Elle demeurait au rez-de-chaussée de l’une des maisons les plus lamentables de l’endroit, en face d’une prison dont les murs énormes ne laissaient pénétrer qu’un peu de vague lumière et jamais un rayon de soleil.

Assise auprès d’une femme à cheveux gris que je sus depuis être sa mère, elle travaillait à des ouvrages de dentelle.

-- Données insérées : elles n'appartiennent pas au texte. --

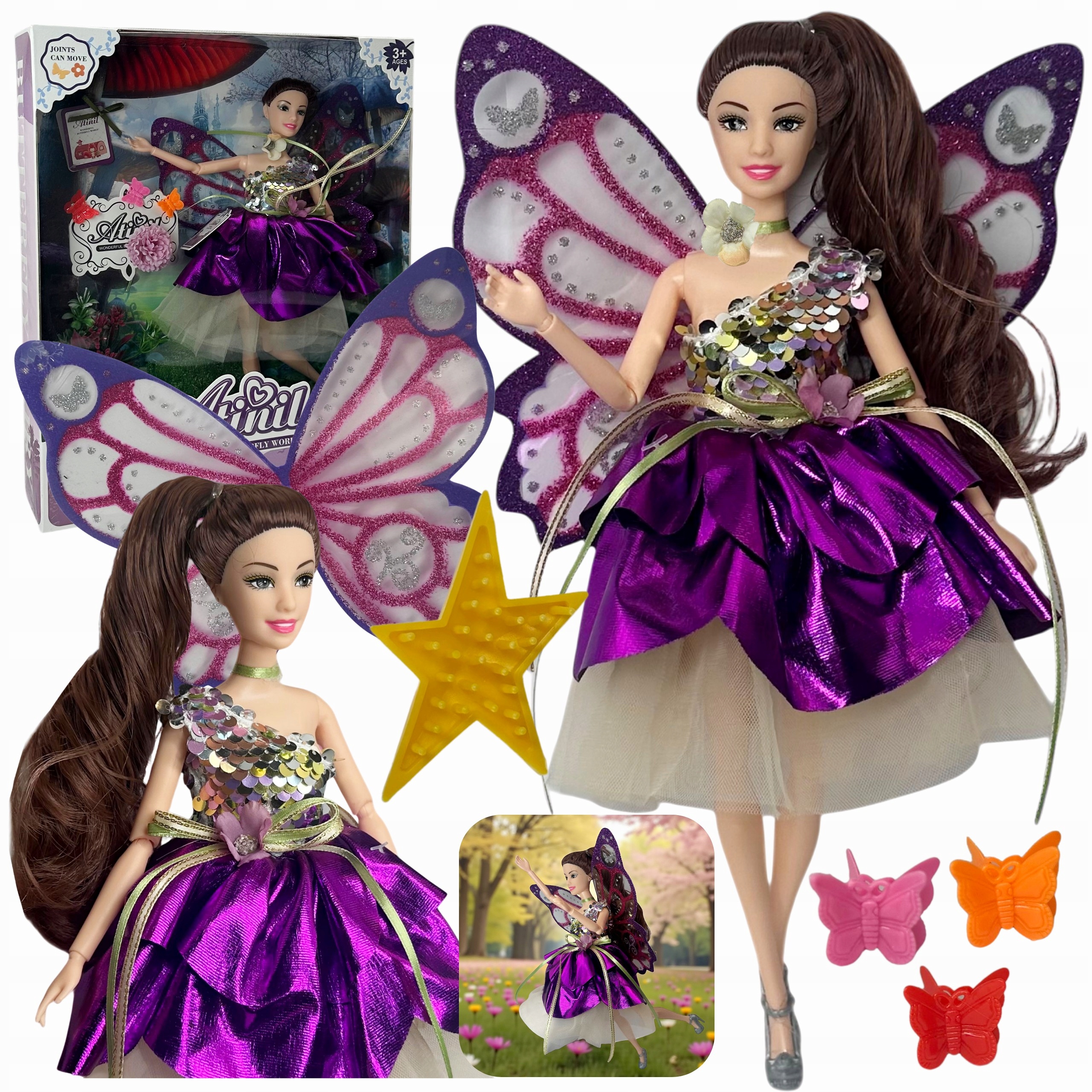 ЛЯЛЬКА ФЕЯ ЧАРІВНА ЛІТАЮЧА ЗІ ЗНІМНИМИ КРИЛАМИ ПЛАТТЯ АКСЕСУАРИ

Dans l’encadrement de la fenêtre, elle offrait vraiment un délicieux spectacle de grâce et de charme.

De tristesse aussi, car rien n’est plus mélancolique que ces visions de jeunesse qui se fane, de fraîcheur qui se flétrit. On éprouve de la gêne, de la révolte. Pour moi je n’oublierai jamais qu’à l’issue du long couloir humide que forme la rue, quand je débouchai sur la vaste plaine, claire et joyeuse, ma sensation de délivrance se mêla d’un peu de remords comme si j’avais été complice de quelque chose d’injuste.

Le lendemain nos yeux se rencontrèrent. Elle rougit et baissa la tête. Et j’emportai son image avec moi parmi les bois et les vallées, sa douce image de vierge trop pâle, au profil émacié, au cou qui s’incline en un geste de lassitude.

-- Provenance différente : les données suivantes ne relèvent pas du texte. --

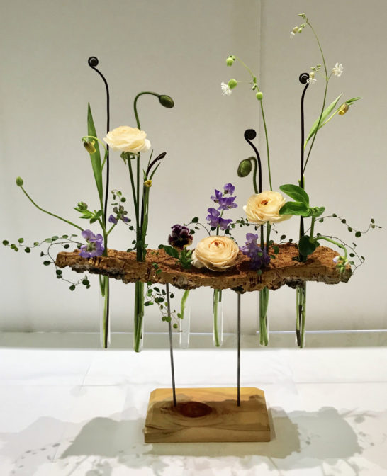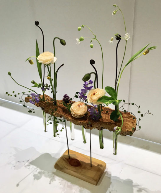 花のコンテストに出品した事はありますが今回は生け花です。とりあえず東急ハンズで見つけた木の皮を土台にし、試行錯誤の結果このような作品になりました。
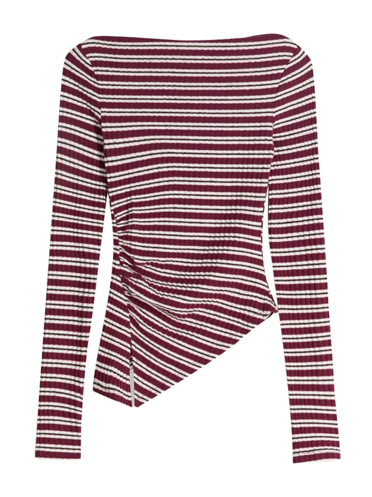 Design: Gevoerde zoom/rand, Asymmetrische zoom; Materiaal: Jersey; Halstype: Boothals; Motief: Gestreept; Details: Gedrapeerd; Extra's: All-over patroon, Voelt zacht aan, Crinkle look; Pasvorm: Slanke pasvorm; Armlengte: Lange mouw; Lengte: Normale lengte
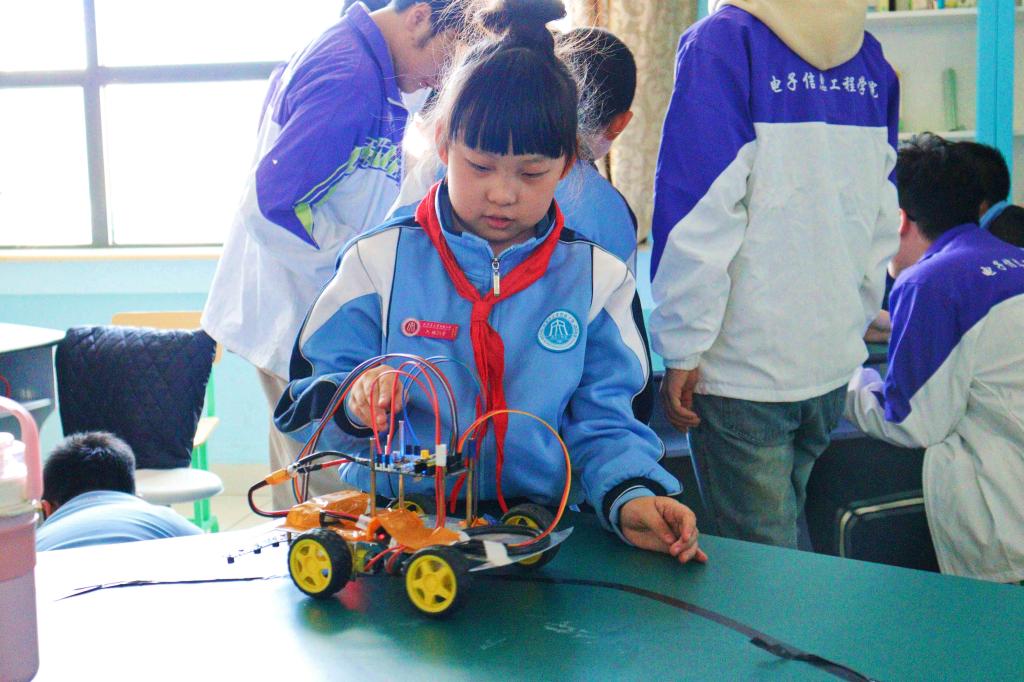 2024年3月7号星期四下午,tyc86太阳集团“创新之家”的同学们前往太阳集团附属小学为孩子们开展有关循迹车科普的趣味小课堂。让小朋友们在“科学探索之旅”中活跃思维,在“大手拉小手”的互动课堂上锻炼动手能力。

Et chaque jour il en fut ainsi : un regard très rapide, l’impression que je respirais au passage une fleur cachée et de couleurs discrètes, et durant toute ma promenade, un parfum subtil qui s’attachait à moi, un souvenir qui mettait comme un voile de deuil à mes allégresses et à mes exaltations de plein air.

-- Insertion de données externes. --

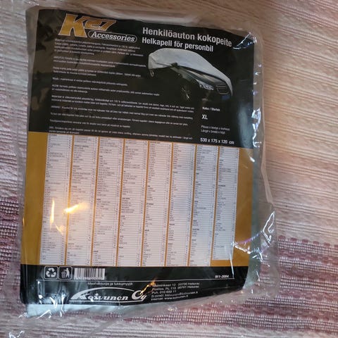 Auton suojapeite Biltema, kooltaan 485x178x124, kaupassa peitteen ovh 42,95. Tuotteen tiedot kuvassa 2. Muuten hyvä mutta väärä koko minun käyttöön. Sovitettu ja pakattu takaisin myyntipakkauksen.

Au bout d’une quinzaine, quoique son visage n’eût pas même tressailli, il me sembla qu’un sourire invisible en avait éclairé la morne expression. Et j’en conçus peut-être plus de peine en songeant à tout ce qu’il y avait de sourires enfouis et de bonheurs impossibles en cette petite existence de recluse sans espoir.

Et je me rappelle très nettement qu’après m’être échappé vers les plaines ouvertes, à toute vitesse, comme un fou, sans vouloir réfléchir, je m’arrêtai soudain au sommet d’une côte et descendis de voiture. Non, c’était trop injuste d’aller ainsi, ivre de mouvement, dans le grand espace lumineux, tandis qu’elle, mon amie inconnue, s’étiolait dans les ténèbres d’une prison. Et mes yeux s’étant posés sur l’immensité merveilleuse des horizons, je les fermai de mes deux poings crispés. Non, je ne verrais pas la beauté du ciel et de la terre, tandis qu’elle ne considérait que les pavés gras et les murs qui suintaient !

Enfantillage certes, excitation d’un esprit sentimental qui se complaît dans l’excès même de sa sensibilité. Mais qu’il parle donc celui dont le plaisir ne fut jamais assombri par le spectacle d’une misère !

Et l’idée me vint, le désir impérieux m’envahit de la faire, ne fût-ce qu’une fois, participer à mon plaisir. Tant qu’elle n’aurait pas senti ce que je sentais jusqu’alors avec une telle intensité, je n’aurais plus de joie à le sentir. Il fallait qu’elle sût, elle aussi, qu’elle palpitât, qu’elle s’ouvrît au soleil, qu’elle s’épanouît à l’infini.

Mais comment l’avertir ? Sa mère ne la quittait pas, inquiète déjà, je m’en rendais compte, de mon passage quotidien. Une lettre n’était point possible. Je cherchais, je combinais… À quoi bon ? L’accord qui s’établissait entre nous, sans qu’aucun signe le révélât, suffisait à l’instruire de ma volonté secrète. Et un jour, au battement de ses paupières, à la flamme de ses yeux, je compris qu’elle cédait. Ma conviction fut violente, irrésistible. Et, au sortir de la ville, je l’attendis.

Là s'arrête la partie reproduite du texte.